TASK DETAILS: From the first line of the material through the line that holds "Começaram, no último", repeat each line exactly and skip any picture.

PROVIDED DATA:
-.-.-

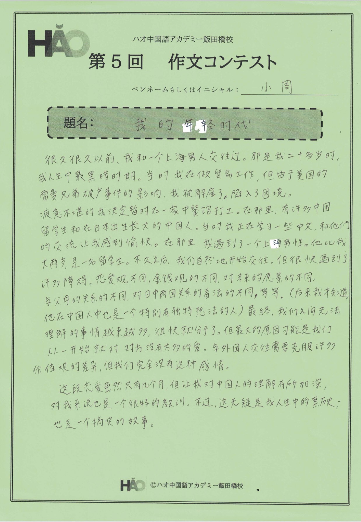 次は三等賞を受賞した小澄同学(台湾華語)!
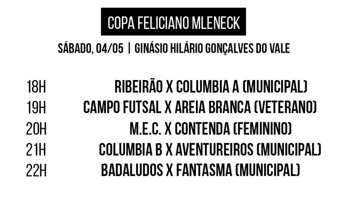 Começaram, no último sábado (27), as rodadas da Copa Feliciano Mleneck de Futsal em Quitandinha. Organizado pela Associação Desportiva de Quitandinha (Adesqui), com apoio da Prefeitura Municipal e a secretaria de Educação, Cultura e Esportes, o campeonato é disputado nas categorias Feminino Intermunicipal, Veterano Intermunicipal e Municipal livre.
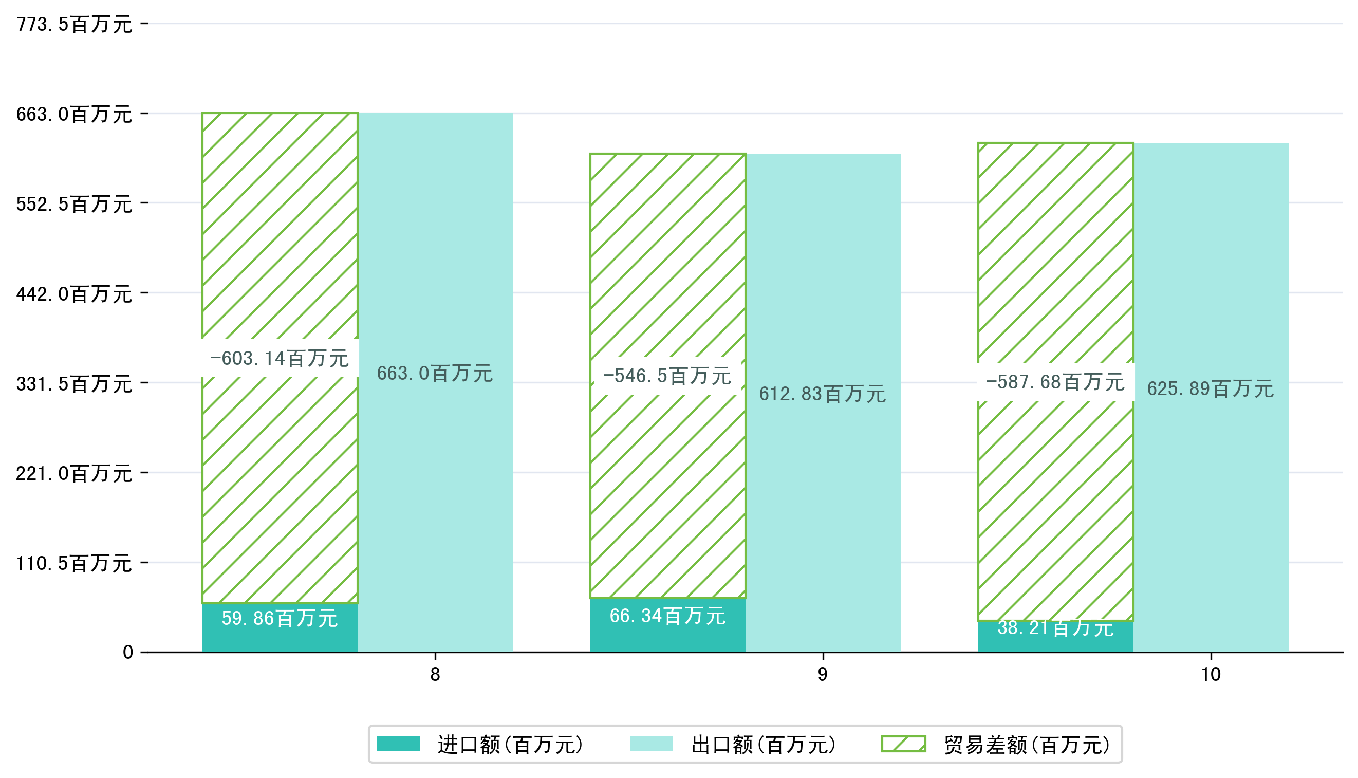 以人民币计,2025年10月六安市贸易差额为5,8768,3018万元(贸易顺差),相比上月增加了4118,5925万元,即607,7588万美元;相比上年同期增加了1,0071,6962万元,同比增加20.68%。
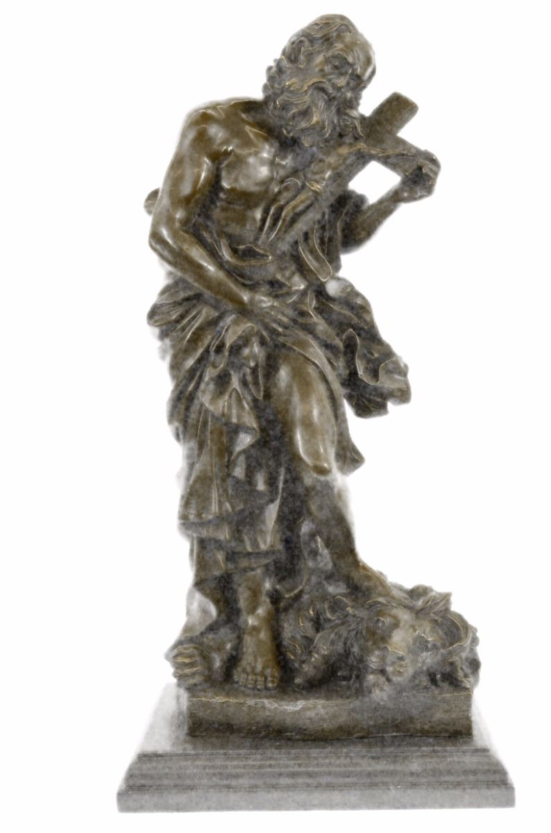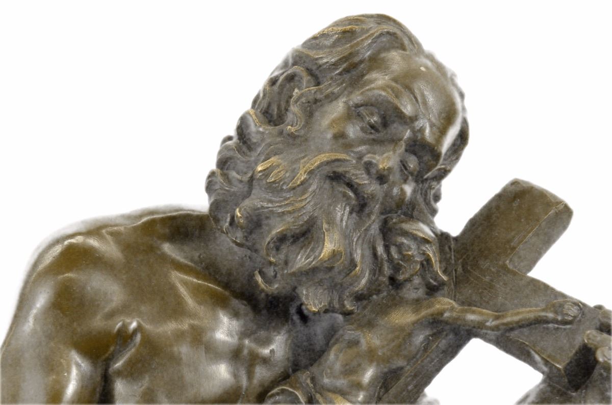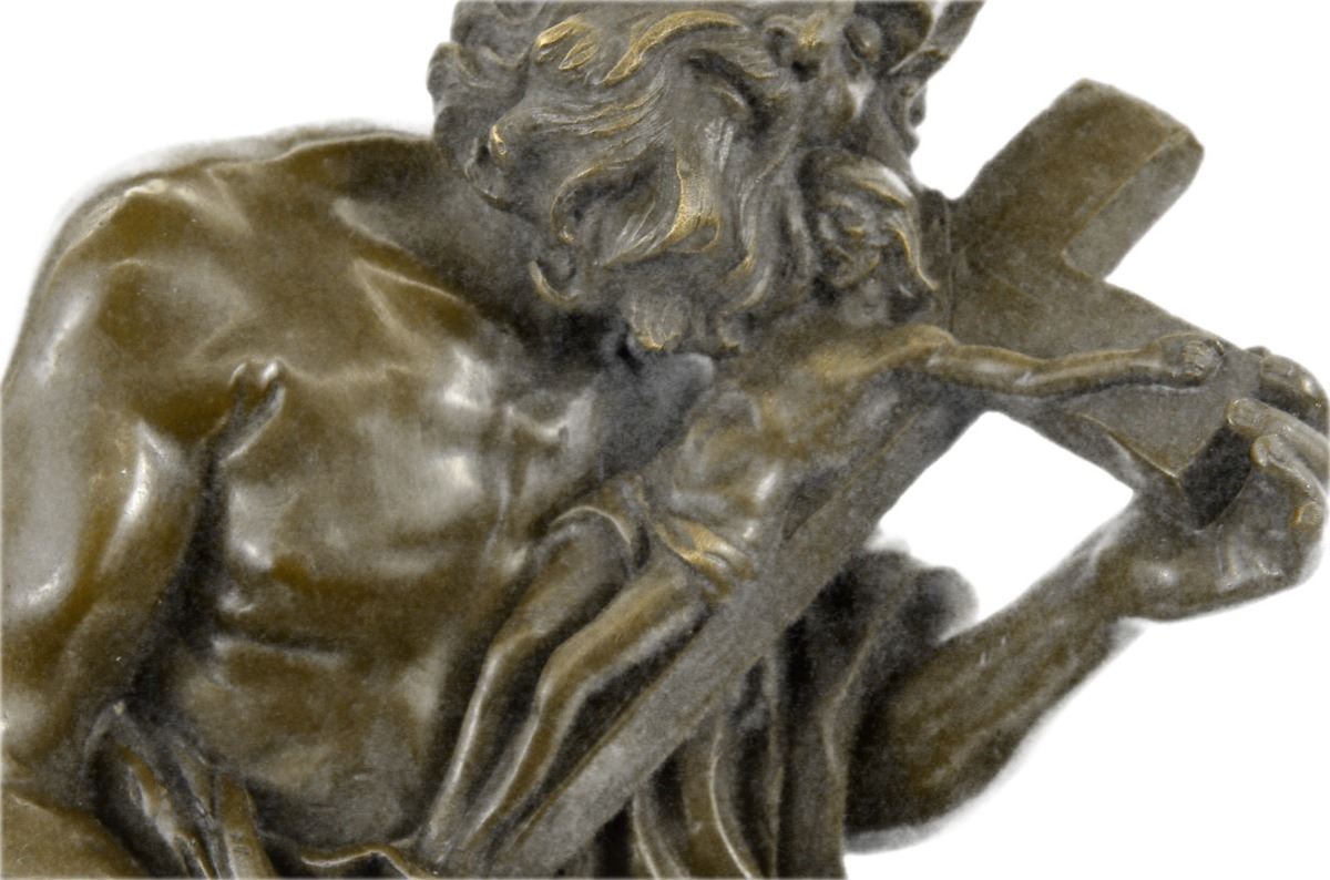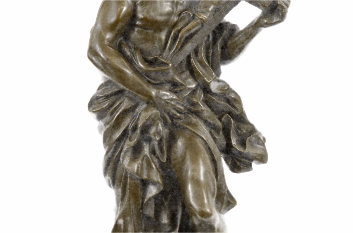 The Bronze Sculpture Contains Multiple Religious Meanings. Here We See Judas Iscariot, Who Was According To The New Testament, One Of The Twelve Disciples Of Jesus. He Is Notoriously Known For His Betrayal Of Jesus To The Hands Of The Chief Priests For 30 Pieces Of Silver. He Seen Walking In Wretchedness, Holding On To Remorse And The Symbol Of Jesus Crucified On The Cross Due To His Betrayal. His Foot Falls Heavy, Crushing The Lion's Head Which Represents Jesus Christ As The Lion From The Tribe Of Judah, Which Stems From The Root Of David And His Lineage. The Handmade Bronze Sculpture Was Cast Using The Archaic Method Of Lost-Wax Casting And Stained With A Brown Patina Finish For Preservation. It Is Mounted Upon A Black Marble Base With The European Bronze Finery Stamp Of Quality. Bronze Dimensions With Marble Base: Height 23 X Width 10 inches. Weight: 32 Lbs.

-.-.-

FINISHED EXERCISE:
 次は三等賞を受賞した小澄同学(台湾華語)!
 Começaram, no último sábado (27), as rodadas da Copa Feliciano Mleneck de Futsal em Quitandinha. Organizado pela Associação Desportiva de Quitandinha (Adesqui), com apoio da Prefeitura Municipal e a secretaria de Educação, Cultura e Esportes, o campeonato é disputado nas categorias Feminino Intermunicipal, Veterano Intermunicipal e Municipal livre.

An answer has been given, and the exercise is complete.